Intelligent search and recommendations, promo creation, segment analysis, automatic ad placement and video interactivity are just a few avenues where Wisdom can add tremendous business value for M&E companies.
The path to wisdom
A deep dive into the nature of audio-visual content can help understand why wisdom is a giant leap ahead of intelligence. Much of the communicative power of media assets lies in the combined effects of the audio and the video. Thus, capturing the essence of a scene, image or line often depends on capturing not only the dialog, but also the imagery, the action, and the context, then putting them together to understand the true meaning of the scene. In other words, going beyond the facts of the description, which we can call intelligence, to the true meaning, which we can call wisdom.
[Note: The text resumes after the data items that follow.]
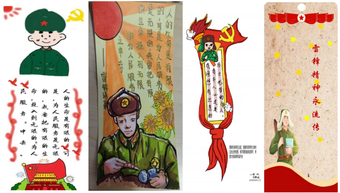 活动期间,同学们热情高涨,纷纷展现自己的创意和才华,设计并制作出一张张独具匠心的书签。他们有的在书签上写下励志语句,如“学习雷锋好榜样,忠于革命忠于党”“奉献他人,提升自己”等,激励自己和他人学习积极向上、甘于奉献的雷锋精神;有的绘制雷锋相关图案,如雷锋画像、雷锋做好事的场景等,以细腻的笔触刻画并展现雷锋精神;还有的结合心理学专业知识,以心理小贴士的形式设计出既有教育意义又美观实用的书签,充分展现了同学们对雷锋精神的理解和感悟,也体现了他们对心理健康的关注和重视。
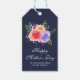 Des étiquettes-cadeaux avec les mots : Bonne fête des mères. À la meilleure maman du monde. Texte modifiable / modifiable. Conçu avec un joli bouquet de roses aquarelles avec des sprigs, des feuilles et des branches, le tout dans un agencement fleuri coloré. Arrière - plan bleu marine.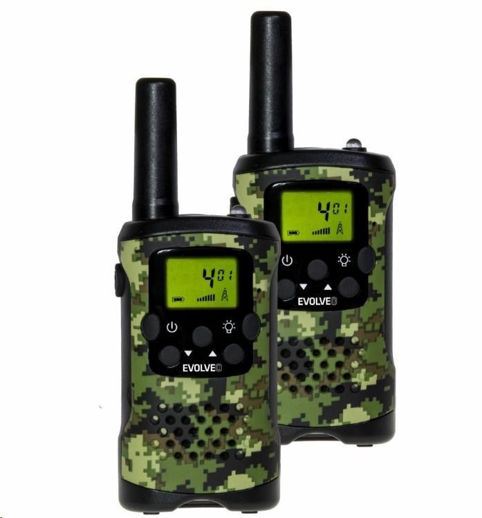 Dostarczane z akumulatorami do ładowania, duży wyświetlacz, zasięg do 8 km w terenie otwartym, moc 0,5 W, standard PMR446, VOX, CALL, Roger Beep, CTCSS, wbudowana latarka LED, kolor Army camouflage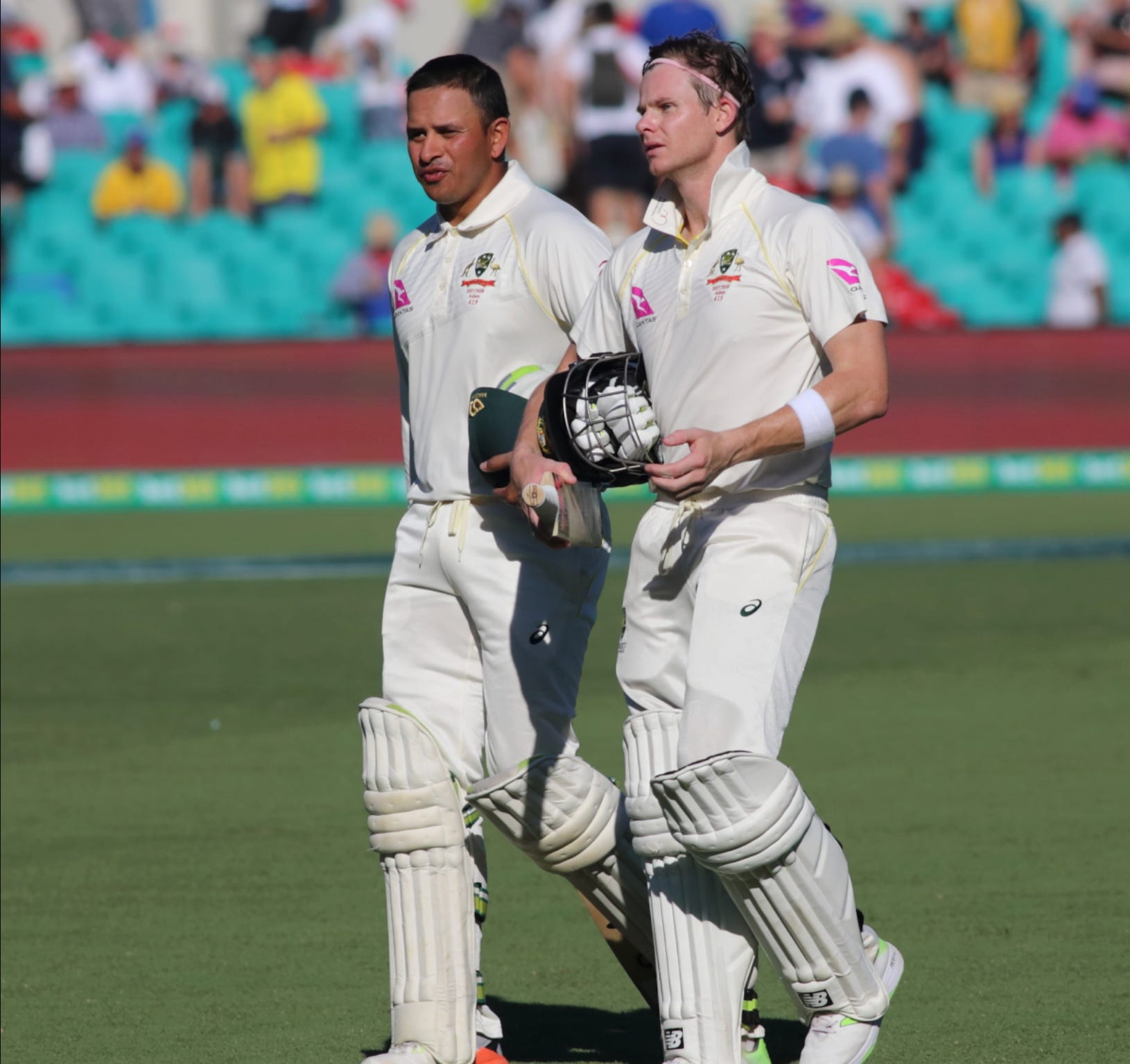 Having slipped out of Australia’s XI, Khawaja had that morning slipped back in, Steve Smith’s dizziness providing an early birthday present. The day had dawned with him in the nets, making the wangers work hard as he intrigued the passers-by before Smith’s absence was confirmed. There had been a case for reinstating Beau Webster, amid temperatures where extra bowling might be handy; in the end, the like-for-like batter-for-batter swap had been preferred.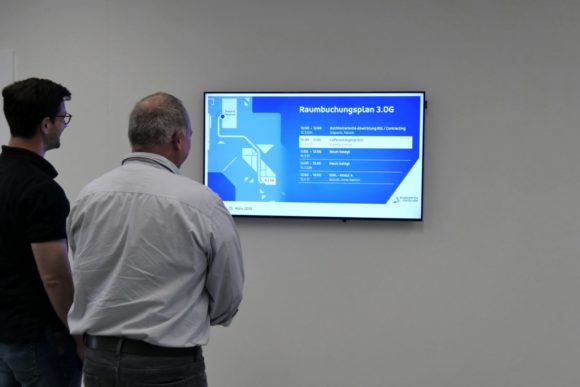 Zudem nutzen die Stadtwerke Karlsruhe kompas, um ein Raumplanungssystem einzubinden, das die Belegungsdaten der Räume automatisch einliest und auf den Displays darstellt. Verwendet werden Screens von 55 Zoll im Querformat, die an Positionen wie Empfang, Wartebereichen, Liftlanding-Bereichen und Kantinen installiert sind.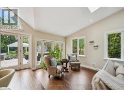 Your Private Estate Retreat - Just Minutes from Guelph's South End! Welcome to 159 Carter Road, a striking architectural gem set on a tranquil 1.17-acre lot in prestigious Puslinch. Tucked away at the end of a scenic laneway, this exceptional 4-bedroom, 5-bathroom home offers the perfect blend of rural serenity and city convenience. Step into the grand foyer and be welcomed by a sweeping spiral staircase and rich hardwood flooring. The formal living room is filled with natural light and anchored by one of three elegant fireplaces. At the heart of the home, an expansive open-concept kitchen and family room create the ultimate entertaining space. Double French doors open to the patio for effortless indoor-outdoor living. The chef-inspired kitchen features commercial-grade stainless steel appliances, stone countertops, and a full-height stone backsplash. A large island, breakfast nook, and formal dining room with a designer chandelier offer versatile dining options. A dedicated study with built-ins is perfect for remote work. Upstairs, one of the two bedrooms features its own private ensuite, while the other shares a separate full bathroom. A cozy lofted sitting area provides a quiet space to relax. The entire third floor is devoted to the luxurious primary suite with vaulted ceilings, exposed beams, skylights, a statement chandelier, and a fireplace. Unwind in the spa-like 5-piece ensuite with a soaker tub and glass shower. The walk-out basement adds a fourth bedroom, full bath, and spacious rec room, ideal as a guest suite or in-law setup. Outside, your personal oasis awaits with a saltwater pool, hot tub, and two-tiered deck, all surrounded by lush landscaping and natural beauty. This rare retreat is the lifestyle upgrade you've been waiting for. Homes of this caliber don't come along often. (id:47351)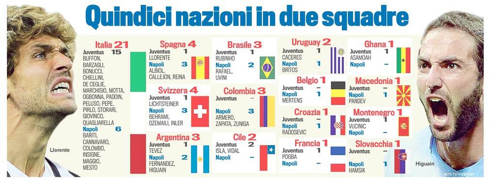 FOTO JUVENTUS NAPOLI NAZIONI – Più di una sfida scudetto, più di un match sentito da entrambe le tifoserie, molto più di una semplice partita di calcio: Juventus-Napoli è uno spot meraviglioso per il nostro sport preferito, avendo il potere di scrivere in 90 minuti un pezzo di storia del calcio, mostrando qualità calcistiche davvero impressionanti. Una sfida tra due società agli antipodi, che vantano all’interno delle proprie squadre ben 49 calciatori provenienti da 15 nazioni diverse. Ovviamente, come ci mostra questa grafica del Corriere dello Sport, la colonia più rappresentata è quella italiana con un totale di 21 calciatori in totale.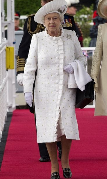 Juhlan 86-vuotias päätähti hehkui onnellisena ja tyylikkäänä. Kuningatar Elisabet oli pukeutunut valkoiseen pukuun, jonka oli loihtinut luottosuunnittelija Angela Kelly. Daily Mailin mukaan puvun tekoon oli käytetty vuoden päivät.
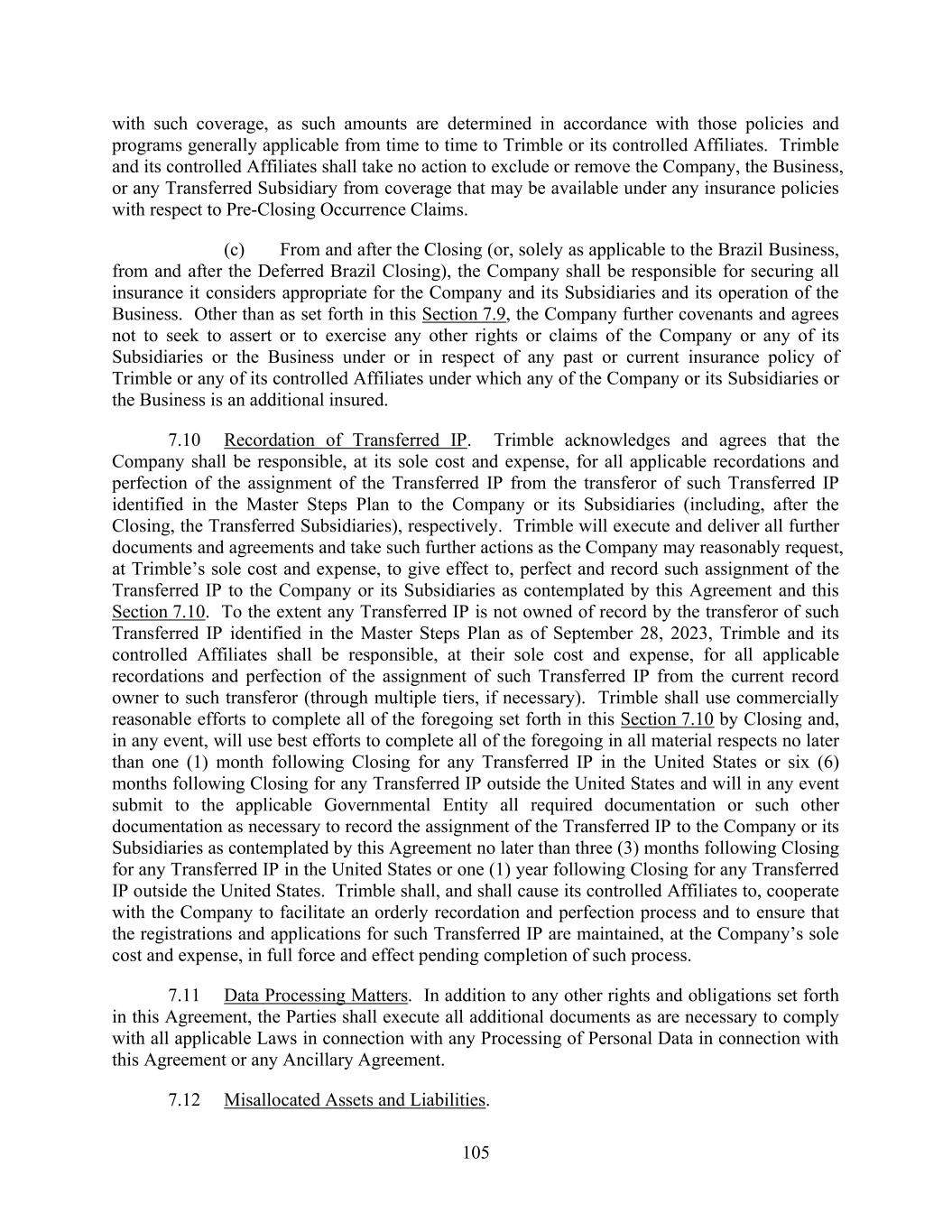 105 with such coverage, as such amounts are determined in accordance with those policies and programs generally applicable from time to time to Trimble or its controlled Affiliates. Trimble and its controlled Affiliates shall take no action to exclude or remove the Company, the Business, or any Transferred Subsidiary from coverage that may be available under any insurance policies with respect to Pre-Closing Occurrence Claims. (c) From and after the Closing (or, solely as applicable to the Brazil Business, from and after the Deferred Brazil Closing), the Company shall be responsible for securing all insurance it considers appropriate for the Company and its Subsidiaries and its operation of the Business. Other than as set forth in this Section 7.9, the Company further covenants and agrees not to seek to assert or to exercise any other rights or claims of the Company or any of its Subsidiaries or the Business under or in respect of any past or current insurance policy of Trimble or any of its controlled Affiliates under which any of the Company or its Subsidiaries or the Business is an additional insured. 7.10 Recordation of Transferred IP. Trimble acknowledges and agrees that the Company shall be responsible, at its sole cost and expense, for all applicable recordations and perfection of the assignment of the Transferred IP from the transferor of such Transferred IP identified in the Master Steps Plan to the Company or its Subsidiaries (including, after the Closing, the Transferred Subsidiaries), respectively. Trimble will execute and deliver all further documents and agreements and take such further actions as the Company may reasonably request, at Trimble’s sole cost and expense, to give effect to, perfect and record such assignment of the Transferred IP to the Company or its Subsidiaries as contemplated by this Agreement and this Section 7.10. To the extent any Transferred IP is not owned of record by the transferor of such Transferred IP identified in the Master Steps Plan as of September 28, 2023, Trimble and its controlled Affiliates shall be responsible, at their sole cost and expense, for all applicable recordations and perfection of the assignment of such Transferred IP from the current record owner to such transferor (through multiple tiers, if necessary). Trimble shall use commercially reasonable efforts to complete all of the foregoing set forth in this Section 7.10 by Closing and, in any event, will use best efforts to complete all of the foregoing in all material respects no later than one (1) month following Closing for any Transferred IP in the United States or six (6) months following Closing for any Transferred IP outside the United States and will in any event submit to the applicable Governmental Entity all required documentation or such other documentation as necessary to record the assignment of the Transferred IP to the Company or its Subsidiaries as contemplated by this Agreement no later than three (3) months following Closing for any Transferred IP in the United States or one (1) year following Closing for any Transferred IP outside the United States. Trimble shall, and shall cause its controlled Affiliates to, cooperate with the Company to facilitate an orderly recordation and perfection process and to ensure that the registrations and applications for such Transferred IP are maintained, at the Company’s sole cost and expense, in full force and effect pending completion of such process. 7.11 Data Processing Matters. In addition to any other rights and obligations set forth in this Agreement, the Parties shall execute all additional documents as are necessary to comply with all applicable Laws in connection with any Processing of Personal Data in connection with this Agreement or any Ancillary Agreement. 7.12 Misallocated Assets and Liabilities.
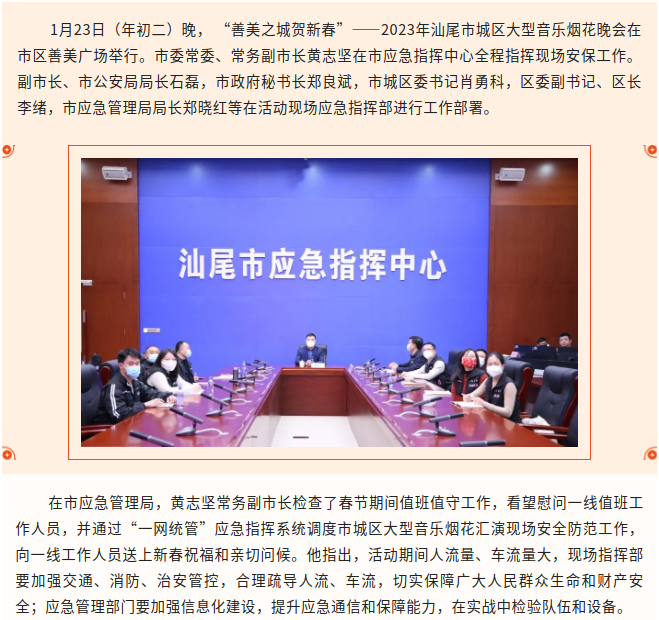 我市全力保障“善美之城贺新春”大型音乐烟花晚会安全顺利开展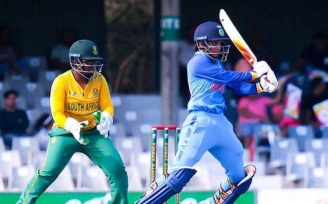 ദക്ഷിണാഫ്രിക്കന് ബൗളര്മാര് മികച്ച രീതിയില് പന്തെറിഞ്ഞതോടെ ഇന്ത്യ റണ്സ് കണ്ടെത്താന് ബുദ്ധിമുട്ടി. നോന്കുലുലേകോ മ്ലാബ നാലോവറില് 16 റണ്സ് മാത്രം വഴങ്ങി രണ്ട് വിക്കറ്റുകള് നേടി. അയബോംഗ ഖക, സുനെ ലുസ് എന്നിവര് ഓരോ വിക്കറ്റ് വീഴ്ത്തി.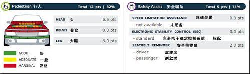 在行人安全測試中,Q5成績差強人意。引擎蓋對行人的骨盆部位防御明顯不足。僅保險杠部分相對傷害較小。在安全輔助設備得分中,Q5標配了ESC車身電子穩定系統,同樣也標配了駕駛席和副駕駛的安全帶提醒。為Q5獲得了71%的得分率。
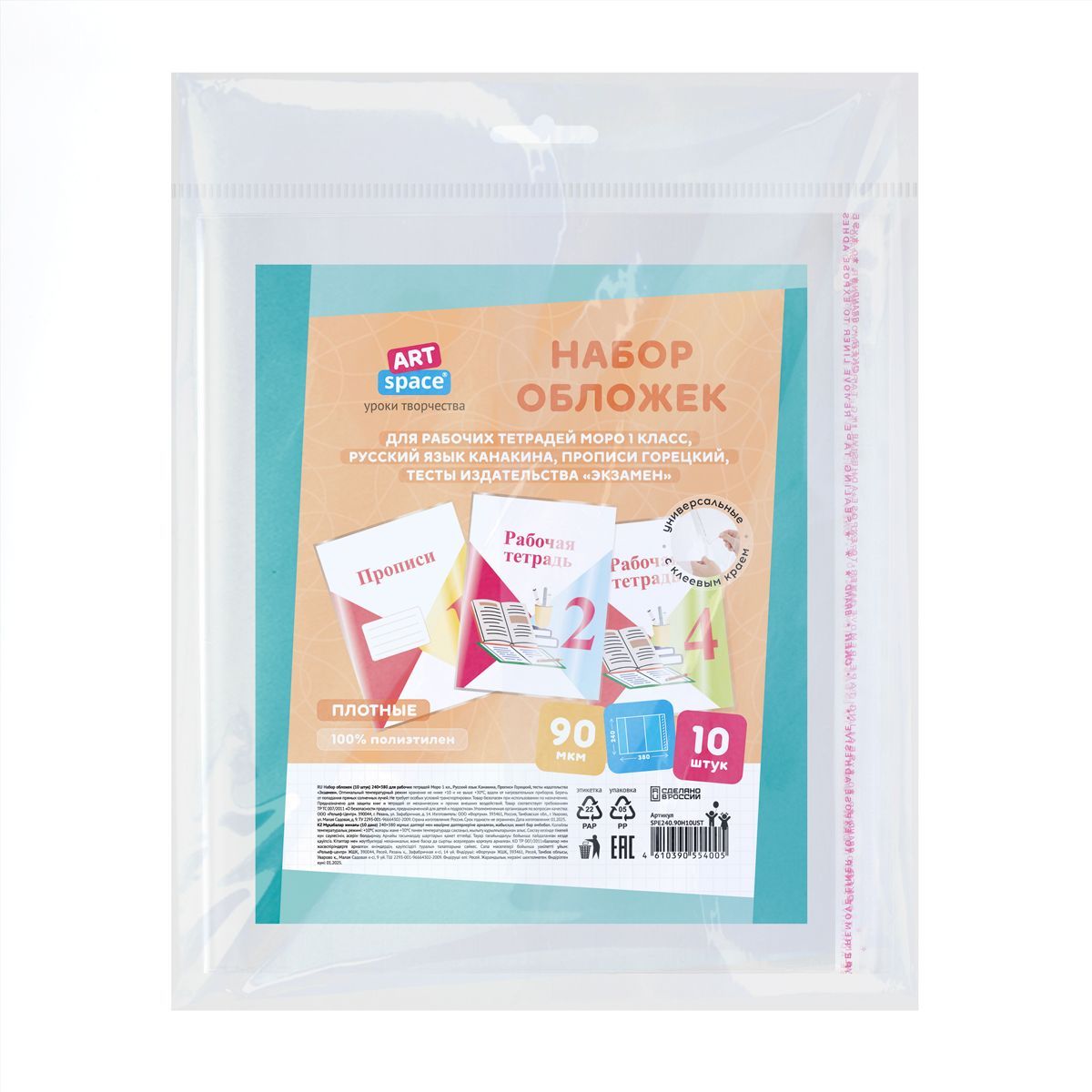 Набор обложек (10шт.) 240*380 для раб. тетр. Моро 1кл., Рус.яз. Канакина, Прописи Горецкий, тесты изд.."Экзамен", ПЭ 90мкм, унив. с кл. краем,ArtSpace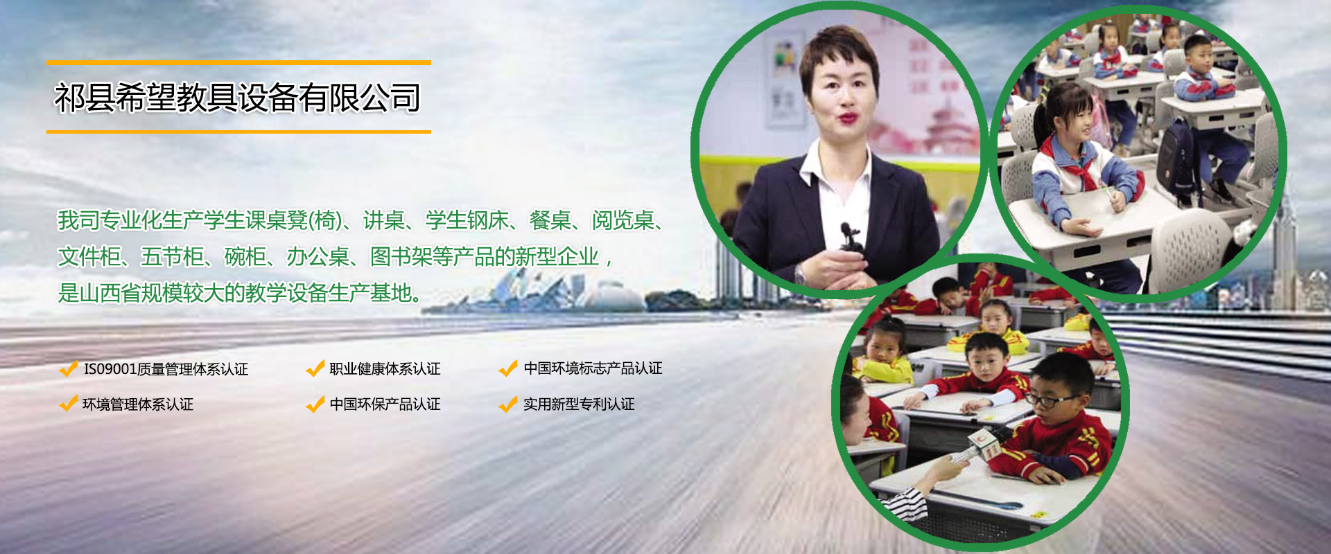希望教具設備有限責任公司成立于2006年10月12日(前身祁縣希望教具廠,始建于2002年1月),是專業化生產學生課桌凳(椅)、講桌、學生鋼床、餐桌、閱覽桌、文件柜、五節柜、碗柜、辦公桌、圖書架等產品的新型企業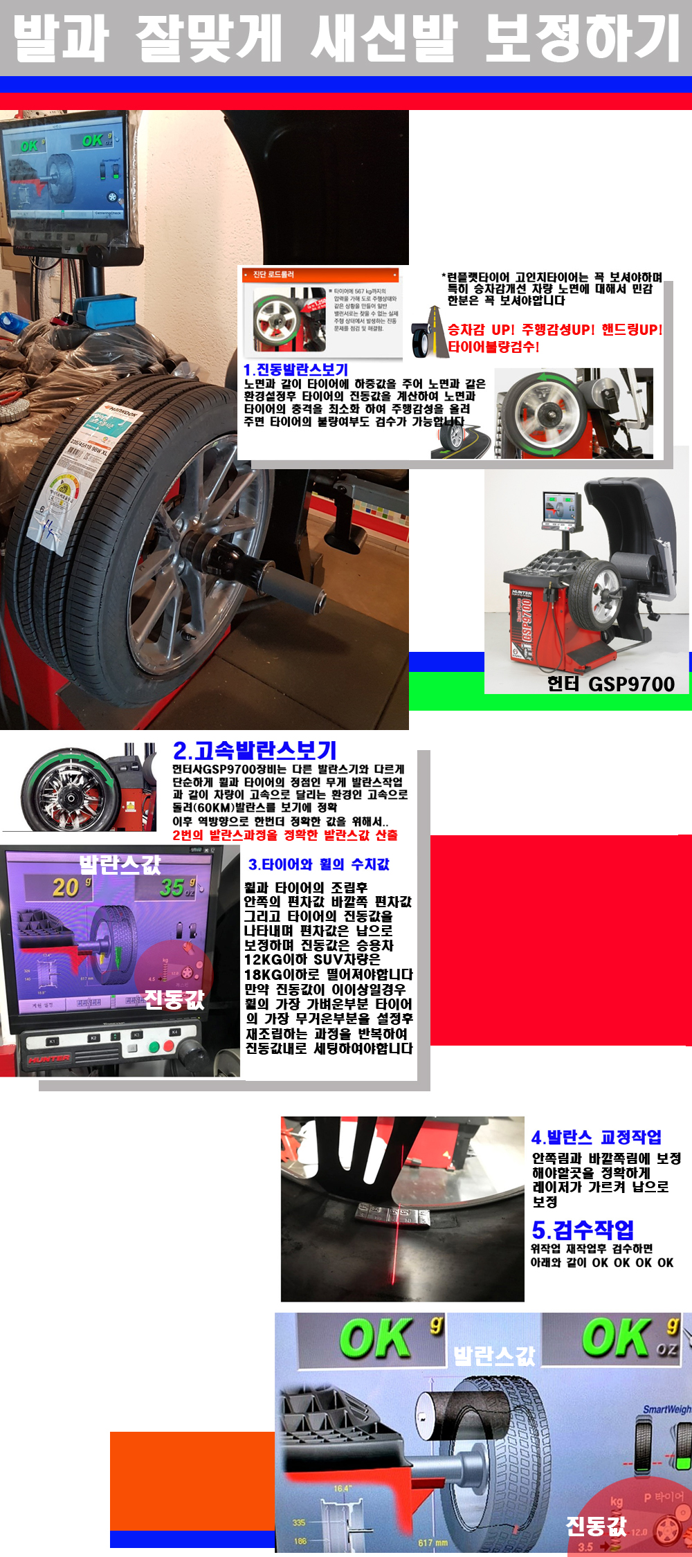 이후 미국 헌터사 GSP9700장비로 고속 및 진동발란스로 더욱더 작업의 정확도와 정밀도를 높였습니다 이장비는 노면에서 올라오는 진동값까지 계산하여 발란스값을 보는 방식으로 진동발란스기는 헌터사GSP9700장비가 유일합니다 이후 역방향으로 60키로의 고속으로 다시 발란스값을 보정하는 방식입니다 그래서 노면에서 올라오는 진동를 잡을수 있으며 특히 타이어의 노면력 측정으로 타이어의 불량여부까지도 검수가 가능한 장비입니다 특히 고속발란스 측정시 타사 발란스기와 틀리게 고속으로 발란스를 보기에 차량이 고속으로 달리는 시뮤레이션 구현이 가능하여 정확한 발란스값을 볼수가 있습니다 그리고 작업자에게는 불필요한 발란스납을 붙이지 않아 미관상으로 좋고 납을 절약하는 고객님에게도윈이고 작업자에게도 윈윈할수 있는 장비입니다 그리고 시중에서 고속진동발란스라고 말하시는 샵들이 많은데 꼭아셔야하는것은 고속발란스는 말그대로 발란스를 볼때 고속으로 돌리기에 60키로 전후 그리고 진동값을 계산하기위해서는 발란스기에 진동롤러가 있어야합니다 그래서 미국헌터사 GSP9700장비가 유일합니다 다른 샵에서 말하는 발란스기는 고속진동발란스기능없는 일반발란스 기기입니다 이점 꼭 아시고 장착하시기를 바랍니다

Standalone AI engines may be able to recognize specific elements within individual video frames, but no matter how good each individual recognition tool is, if they lack the ability to combine these findings in a contextual manner, then they cannot provide wisdom to identify complex sequences (like a particular character in a car chase) or even the true meaning of scene (like the line “As you wish” in The Princess Bride). By yielding logical, contextual search results, wisdom-driven platforms can facilitate faster decision making, improve scalability and open up new monetization opportunities.
Recently, advances in AI have been taking place at a furious pace. As user experience personalization becomes more important across the board, companies are using AI to create personalized services for billions of customers. The stage is set for leveraging wisdom to greatly speed up metadata tagging, media localization, review of existing content libraries and many other tasks that help create new revenue opportunities, while reducing costs.
Of course, machine wisdom does have limitations, and human quality control remains paramount. For example, while AI voice recognition capabilities have improved over time, there are still challenges when working on content with considerable cross-talk, background noise, heavy accents and a lot of high context content (like sarcasm or humor). But with extensive research and development yielding new developments every day, wisdom (on the back of AI and ML) clearly has promise to help M&E companies enhance operational efficiencies and achieve faster time-to-market.